The following were considered and explicitly left out of Phase 1. They are real enterprise concerns but do not belong in the foundation. Each is listed to prevent well-meaning contributors from adding them “to be thorough”:

  • Multi-tenancy, RBAC, SSO. No users yet. Introducing these abstractions before there’s a user model is speculation.
  • On-premise / air-gapped deployment. No customer has asked for it. Architectural choices (Cloudflare-first) actively work against it. When a customer asks, it becomes a product decision, not an architecture decision.
  • Formal certifications (SOC 2, ISO 27001, HIPAA). Certifications validate processes. Bar items 1-16 are the processes. Certification comes when there is a product to certify.
  • Penetration tests, red teams, bug bounties. Belong to a product that exists and has users. Premature today.
  • High availability, multi-region, disaster recovery. Cloudflare’s default posture covers the default case; anything beyond is a product-lifecycle decision.
  • Admin UI, dashboards, compliance reports. Phase 4. The data is produced by the observability bar items above; the UI comes later.
  • Every subsequent ADR is measured against this bar. When a later ADR says “accepts YAML from the filesystem,” a reviewer can point to bar items 1, 2, 9, 14 and ask “where’s the schema, threat model entry, failure-mode test, TSDoc?” before the ADR is accepted.
  • The first few components will feel slow. A component that would be 200 lines of code to “make it work” is 600 lines by the time logging, structured errors, failure-mode tests, and audit records are in place. This is the explicit tradeoff the project is making.
  • Retrofit cost is paid upfront, not later. Adding structured logging to 20 components after the fact is an order of magnitude more expensive than building each component with it from day one. Same for audit records, timeout enforcement, and secret redaction.
  • Contributors have a reference. New ADRs and PRs can cite “meets bar 3” or “see bar 10” rather than re-arguing principles. The bar is the contract.
  • Some current code is behind the bar. The context assembler (shipped in ADR-0012) meets bars 1, 2, 4, 8, 14, 15, 16 but does not yet produce audit records (bar 6) or use a structured logger (bar 7) — because no audit sink and no logger exist yet. These are not violations today; they are scheduled to be added when the audit-record ADR and the logger ADR land. The bar is forward-looking, not retroactive-punishing.

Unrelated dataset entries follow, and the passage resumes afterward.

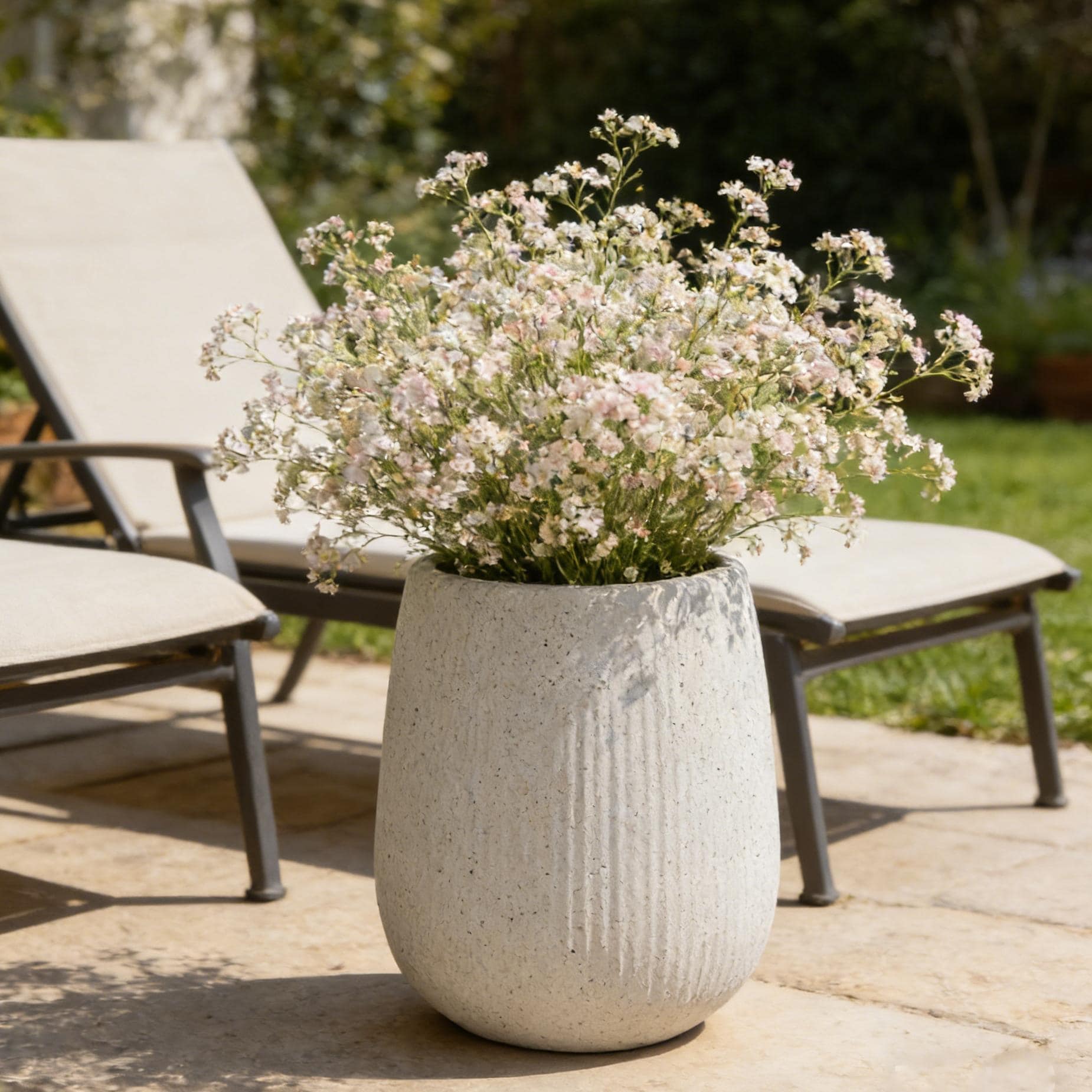 GDFStudio - 13.38" Round Modern MGO Planter Pot with Drainage Holes for Indoor Outdoor Garden Patio
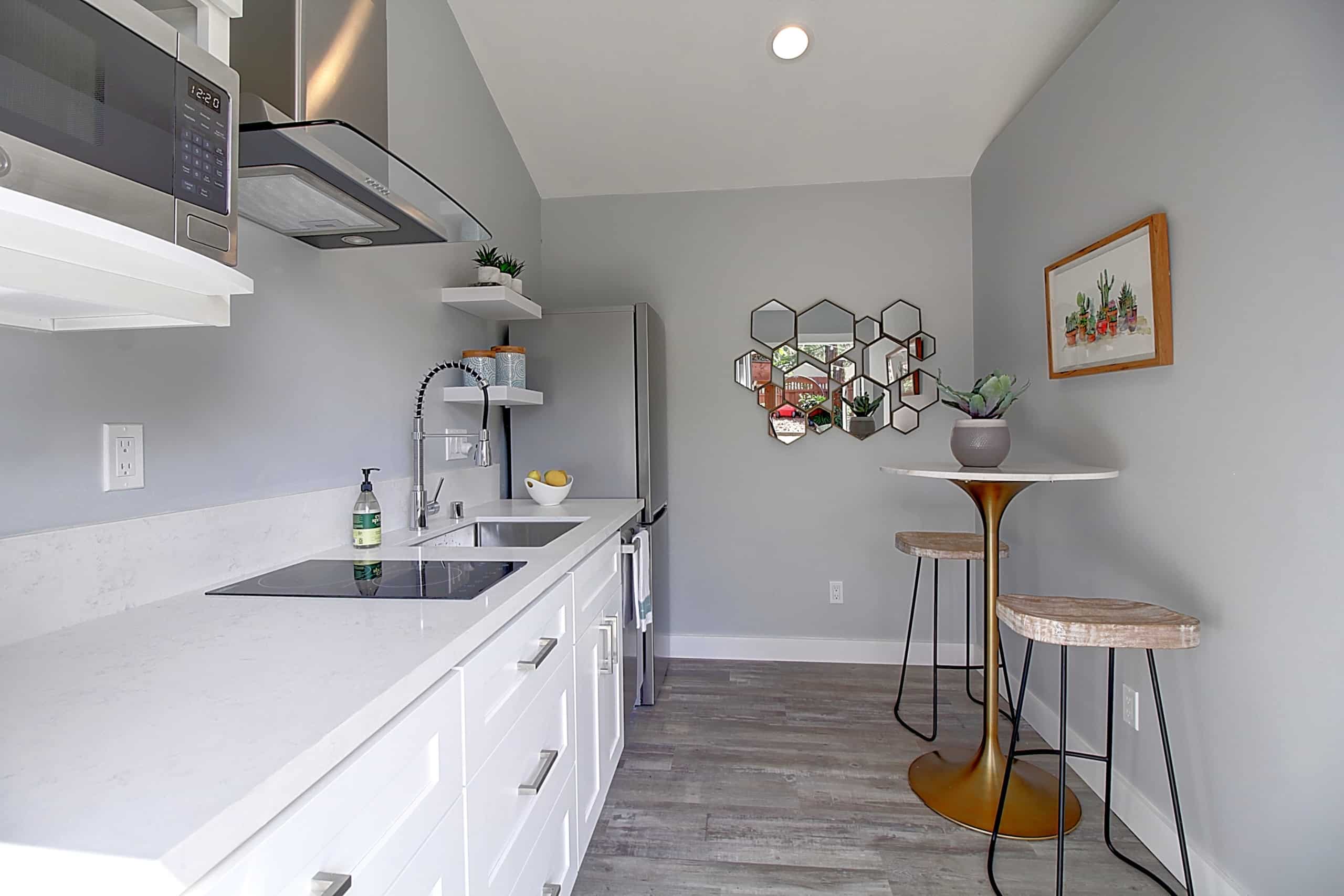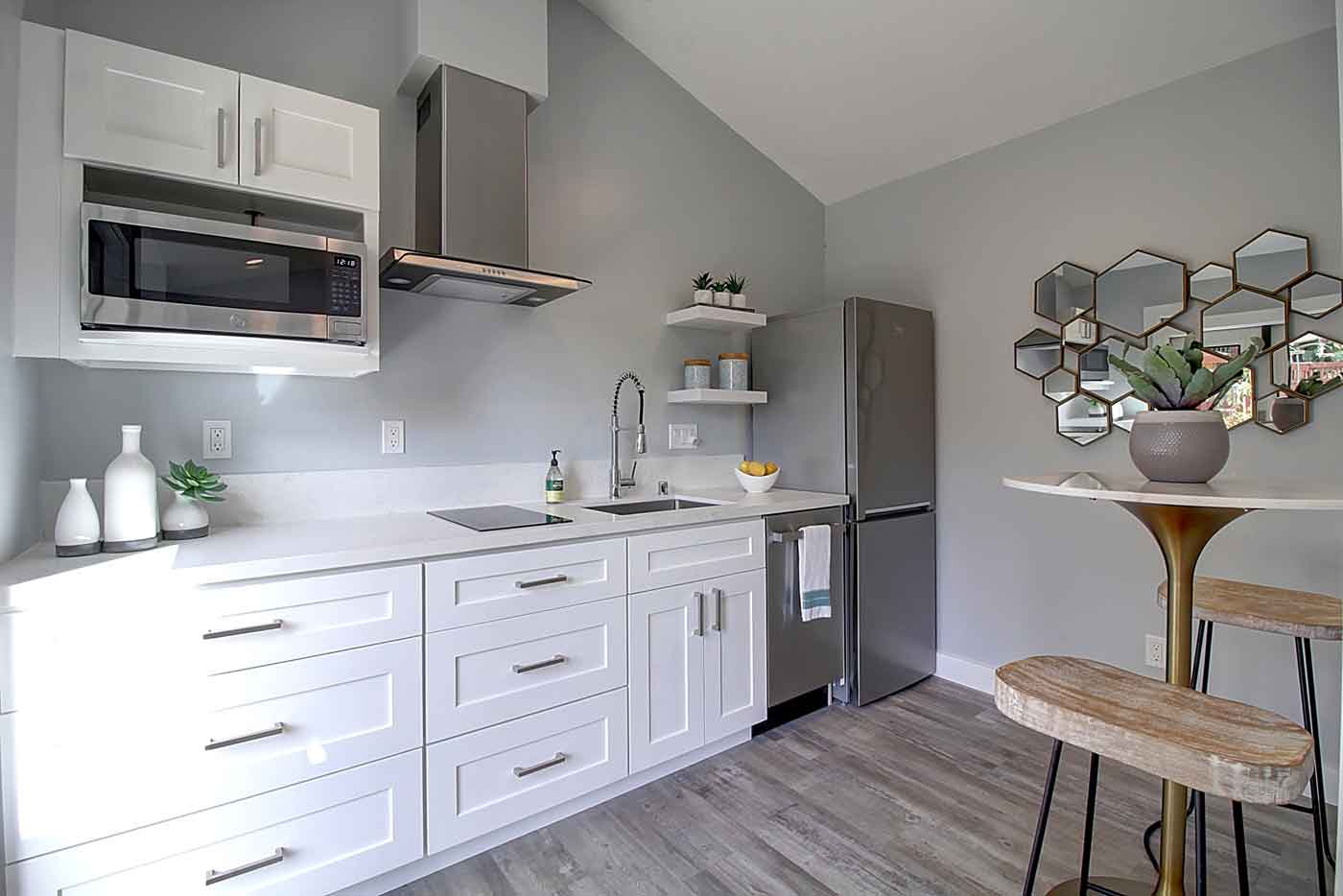 When it came to the visual design and interior selections, our designers wanted to use light finishes that opened up the smaller spaces and gave them an expansive feel. Vaulted ceilings and many windows really help accomplish this, along with adding cross-breezes and airflow. Lastly, reflective materials like stainless steel, nickel, glass, and glossy tiles help light bounce around the space for an airy look.
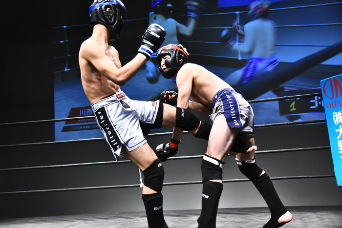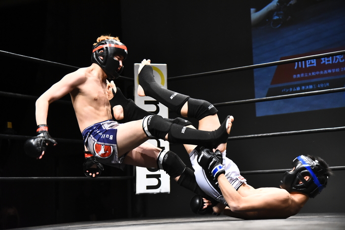 左右で詰める空手ベースの川西だが、左差しの相原は回す。残す川西。しかし相原はボディロックテイクダウン。マウント。川西は下からヒップスローでスイープも、下の川西は右でコムロック!
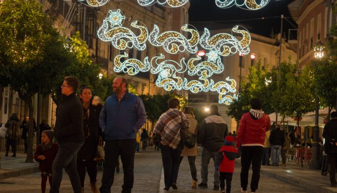Seré claro: a mí el alumbrado de este año me parece muy mejorable desde el punto de vista estético, sobre todo en calle Larga y en lo que han puesto delante del Cabildo Viejo, pero en ningún caso me planteo que se elimine. Durante la última década hemos presenciado varios factores que hacen que el alumbrado sea una inversión absolutamente incuestionable. Por un lado está el trillado tema del abandono poblacional del centro y la diáspora de sus habitantes hacia zonas alejadas de la almendra medieval. Este hecho, que provoca la pérdida de la identificación de los jerezanos con su propio patrimonio y su propia historia, también ha traído una consecuencia no menos importante, como es el cambio en los hábitos de vida de la gente y su dependencia absoluta del vehículo privado hasta para ir a comprar el periódico. Y por toro lado, se ha cometido el tremendo error de favorecer descaradamente la implantación de megacentros comerciales donde antes iba un parque temático u otra cosa, incluso compitiendo con poblaciones vecinas para que se instalasen aquí esas marcas de relumbrón, regalándole grandes cantidades de metros cuadrados de suelo público, que después se llevan los beneficios privados a sus países originarios, como es normal.

  • This ADR is living. When the bar is wrong (too loose, too strict, missing a concern), it is amended with a new ADR that supersedes this one. Discovering that a bar item doesn’t survive contact with reality is a reason to revise, not to quietly ignore.
  • No written bar; rely on reviewer judgment. Works while there is one reviewer. Fails the moment there are two who disagree, or one who gets tired of arguing the same principle on every PR. Also fails silently: the bar drops without anyone noticing.
  • A shorter bar (“just: security, observability, tests”). Tempting, but the phrase “enterprise-ready” is broad enough that a short list gets reinterpreted as “anything I think is enterprise.” The specific 16-item bar is chosen because every item maps to a concrete thing reviewers can point at.
  • Adopt an external standard (OWASP ASVS, CIS benchmarks, SOC 2 control mappings) verbatim. Those are products of their own contexts — designed for web apps, for infrastructure, for compliance audits. Copy-pasting them produces a bar that doesn’t fit this codebase and is ignored. The items above are drawn from those bodies of practice, translated to what this specific project is.
  • Different bars for “core” vs “business packs.” Considered and rejected for Phase 1. Business Packs are the most security-critical code in the system — they handle customer data. Giving them a lower bar than platform code is exactly backwards.
  • Accept the bar but defer enforcement. Bar without enforcement is aspiration. ADR-0015 (below, TBD) commits to the specific CI mechanism that turns bar item 13 into a merge gate.